▶ _Provided records_
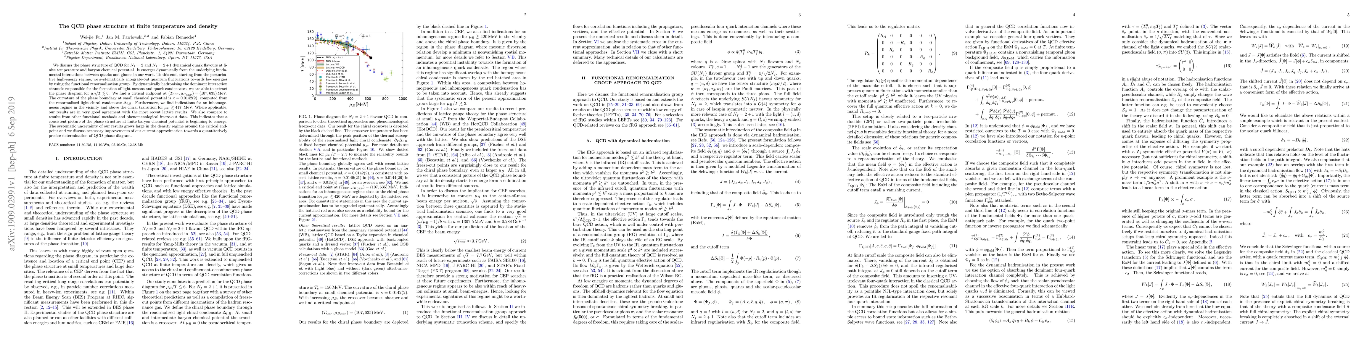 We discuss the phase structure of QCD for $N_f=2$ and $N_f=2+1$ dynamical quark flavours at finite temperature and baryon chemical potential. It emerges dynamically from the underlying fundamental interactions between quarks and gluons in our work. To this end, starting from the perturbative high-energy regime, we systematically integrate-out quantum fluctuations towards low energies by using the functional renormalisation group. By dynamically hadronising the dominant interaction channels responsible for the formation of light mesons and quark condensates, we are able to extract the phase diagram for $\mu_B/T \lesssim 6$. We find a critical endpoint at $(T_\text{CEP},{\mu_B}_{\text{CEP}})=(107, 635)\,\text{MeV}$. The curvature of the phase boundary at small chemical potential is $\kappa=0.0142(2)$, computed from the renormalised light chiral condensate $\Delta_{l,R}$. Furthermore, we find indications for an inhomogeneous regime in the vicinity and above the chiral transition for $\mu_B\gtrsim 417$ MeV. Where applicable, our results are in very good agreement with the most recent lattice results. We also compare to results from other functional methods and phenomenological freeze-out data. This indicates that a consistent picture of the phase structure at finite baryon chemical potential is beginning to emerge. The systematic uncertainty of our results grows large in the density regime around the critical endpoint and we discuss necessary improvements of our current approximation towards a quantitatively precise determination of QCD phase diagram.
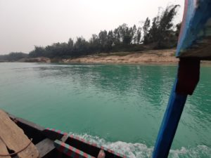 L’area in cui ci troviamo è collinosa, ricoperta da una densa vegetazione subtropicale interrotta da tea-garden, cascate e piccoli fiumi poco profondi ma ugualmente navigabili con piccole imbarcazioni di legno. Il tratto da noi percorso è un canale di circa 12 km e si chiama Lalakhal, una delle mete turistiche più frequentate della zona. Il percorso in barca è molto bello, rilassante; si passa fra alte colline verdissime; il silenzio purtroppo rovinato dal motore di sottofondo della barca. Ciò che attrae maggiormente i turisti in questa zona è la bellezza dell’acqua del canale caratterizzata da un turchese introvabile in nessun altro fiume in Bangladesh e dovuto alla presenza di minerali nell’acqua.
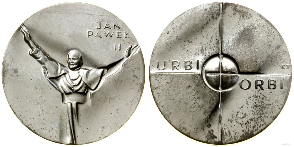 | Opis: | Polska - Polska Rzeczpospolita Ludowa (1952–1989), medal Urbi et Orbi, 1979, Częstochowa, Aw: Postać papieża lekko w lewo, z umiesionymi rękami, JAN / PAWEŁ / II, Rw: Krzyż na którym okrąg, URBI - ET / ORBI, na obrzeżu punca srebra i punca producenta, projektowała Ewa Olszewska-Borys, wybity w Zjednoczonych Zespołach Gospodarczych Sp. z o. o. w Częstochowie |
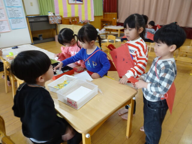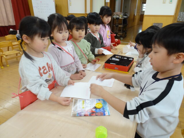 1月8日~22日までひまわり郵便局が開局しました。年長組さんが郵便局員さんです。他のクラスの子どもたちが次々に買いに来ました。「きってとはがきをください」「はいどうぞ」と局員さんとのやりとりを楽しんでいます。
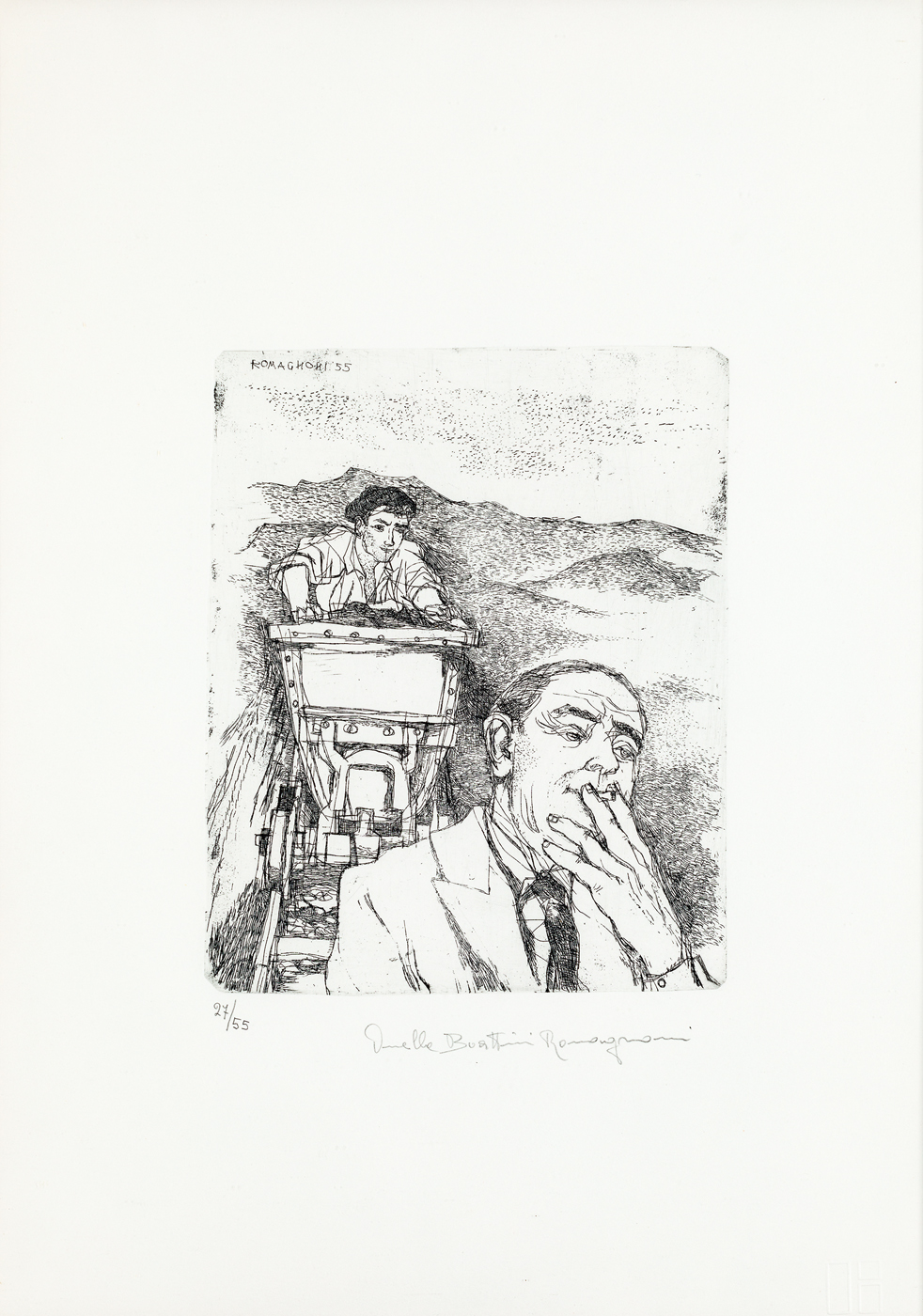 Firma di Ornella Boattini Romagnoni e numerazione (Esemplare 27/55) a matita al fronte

▶ _What needs to be done_
Could you set down every entry above exactly as it stands, with no images?

▶ _Written answer_
 We discuss the phase structure of QCD for $N_f=2$ and $N_f=2+1$ dynamical quark flavours at finite temperature and baryon chemical potential. It emerges dynamically from the underlying fundamental interactions between quarks and gluons in our work. To this end, starting from the perturbative high-energy regime, we systematically integrate-out quantum fluctuations towards low energies by using the functional renormalisation group. By dynamically hadronising the dominant interaction channels responsible for the formation of light mesons and quark condensates, we are able to extract the phase diagram for $\mu_B/T \lesssim 6$. We find a critical endpoint at $(T_\text{CEP},{\mu_B}_{\text{CEP}})=(107, 635)\,\text{MeV}$. The curvature of the phase boundary at small chemical potential is $\kappa=0.0142(2)$, computed from the renormalised light chiral condensate $\Delta_{l,R}$. Furthermore, we find indications for an inhomogeneous regime in the vicinity and above the chiral transition for $\mu_B\gtrsim 417$ MeV. Where applicable, our results are in very good agreement with the most recent lattice results. We also compare to results from other functional methods and phenomenological freeze-out data. This indicates that a consistent picture of the phase structure at finite baryon chemical potential is beginning to emerge. The systematic uncertainty of our results grows large in the density regime around the critical endpoint and we discuss necessary improvements of our current approximation towards a quantitatively precise determination of QCD phase diagram.
 L’area in cui ci troviamo è collinosa, ricoperta da una densa vegetazione subtropicale interrotta da tea-garden, cascate e piccoli fiumi poco profondi ma ugualmente navigabili con piccole imbarcazioni di legno. Il tratto da noi percorso è un canale di circa 12 km e si chiama Lalakhal, una delle mete turistiche più frequentate della zona. Il percorso in barca è molto bello, rilassante; si passa fra alte colline verdissime; il silenzio purtroppo rovinato dal motore di sottofondo della barca. Ciò che attrae maggiormente i turisti in questa zona è la bellezza dell’acqua del canale caratterizzata da un turchese introvabile in nessun altro fiume in Bangladesh e dovuto alla presenza di minerali nell’acqua.
 | Opis: | Polska - Polska Rzeczpospolita Ludowa (1952–1989), medal Urbi et Orbi, 1979, Częstochowa, Aw: Postać papieża lekko w lewo, z umiesionymi rękami, JAN / PAWEŁ / II, Rw: Krzyż na którym okrąg, URBI - ET / ORBI, na obrzeżu punca srebra i punca producenta, projektowała Ewa Olszewska-Borys, wybity w Zjednoczonych Zespołach Gospodarczych Sp. z o. o. w Częstochowie |
 1月8日~22日までひまわり郵便局が開局しました。年長組さんが郵便局員さんです。他のクラスの子どもたちが次々に買いに来ました。「きってとはがきをください」「はいどうぞ」と局員さんとのやりとりを楽しんでいます。
 Firma di Ornella Boattini Romagnoni e numerazione (Esemplare 27/55) a matita al fronte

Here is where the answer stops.